Souvenir buying is all about keeping a memory locked inside a small item that could last forever, which is why keychains, huge replicas and even t-shirts with prints of "I love (insert place name here)" are never the best options. Morocco is the land of beautiful dunes, Islamic architecture and culture, and the land of some amazing souvenirs and products unavailable everywhere else -- and these five take the cake for travelers.

If not shirts and even some flimsy form of clothing with prints describing Morocco, it is likely Berber weaves that travelers should take home with them as souvenirs. These beautiful rags used in most Moroccan homes -- still inspired by the cultural patterns used by traditional weavers -- best describe the feel and look of Morocco itself.

According to Conde Nast Traveler, Argan Oil is expensive for a reason -- Morocco is the only one to export the best. The Argan tree growing in Morocco is government-protected as it is a primary export industry. Argan oil is great as a moisturizer and is an all-around traditional remedy for inflammations. Conde Nast Traveler said it can be used for cooking too.

Traditional clothing describes a country's culture effectively -- but they can be expensive. Not that traveler should often wear them but a discreet but effectively memorable home addition could be a Babouche. These shoes for both males and females go hand in hand with Berber weave designs in beauty and in exuding Moroccan tradition and culture.

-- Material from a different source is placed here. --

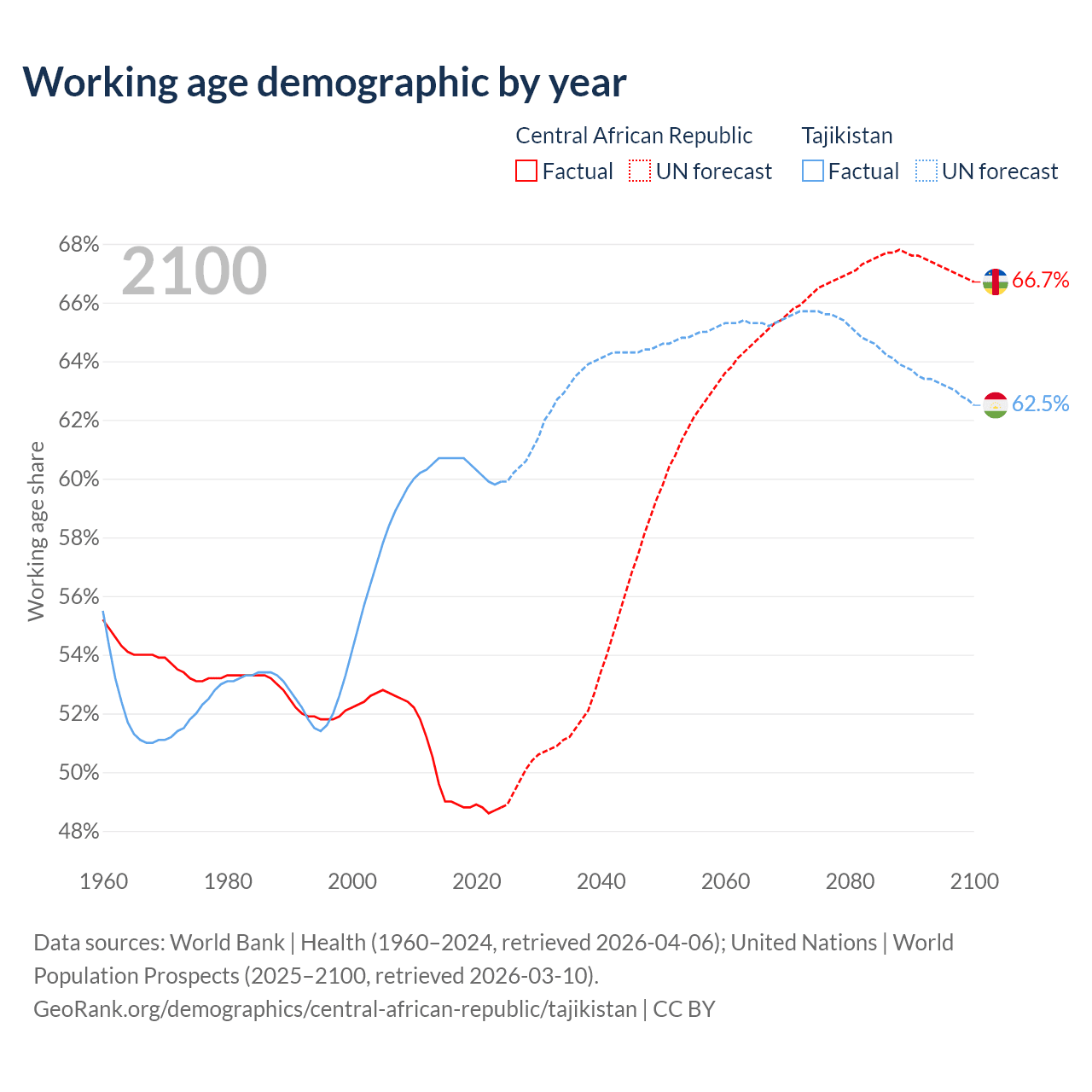 - The Central African Republic has 2.81M working age adults (aged 15-64) vs 6.61M in Tajikistan.
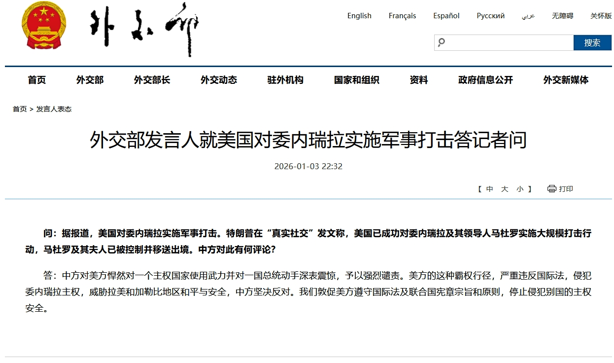 中国側は、合衆国が一つの主権国家に対して武力を乱用し、かつ一国の大統領に対して手を下したことに対し、深い衝撃を受けており、これを強く非難する。合衆国のこのような覇権的行為は、国際法に重大に違反し、ベネズエラの主権を侵害し、ラテンアメリカおよびカリブ地域の平和と安全を脅かすものであり、中国側はこれに断固として反対する。

Aside from beauty-inducing argan oil, The Culture Trip recommends bringing home some specialized artisanal soaps. Made from natural Moroccan ingredients, traditional Moroccan soapmakers introduce jasmine and blossom water according to the travel tips website. It also said the artisanal soaps could contain argan oil as well. Save these for your giveaways

Lastly, Moroccan spices smell and taste like nothing else anywhere -- and travelers get to take this home. These souvenirs make for great giveaways but they are also great for travelers with gastronomic talent intending to replicate some amazing Moroccan dishes. In Medinas, they seem expensive, but a little haggling goes a long way.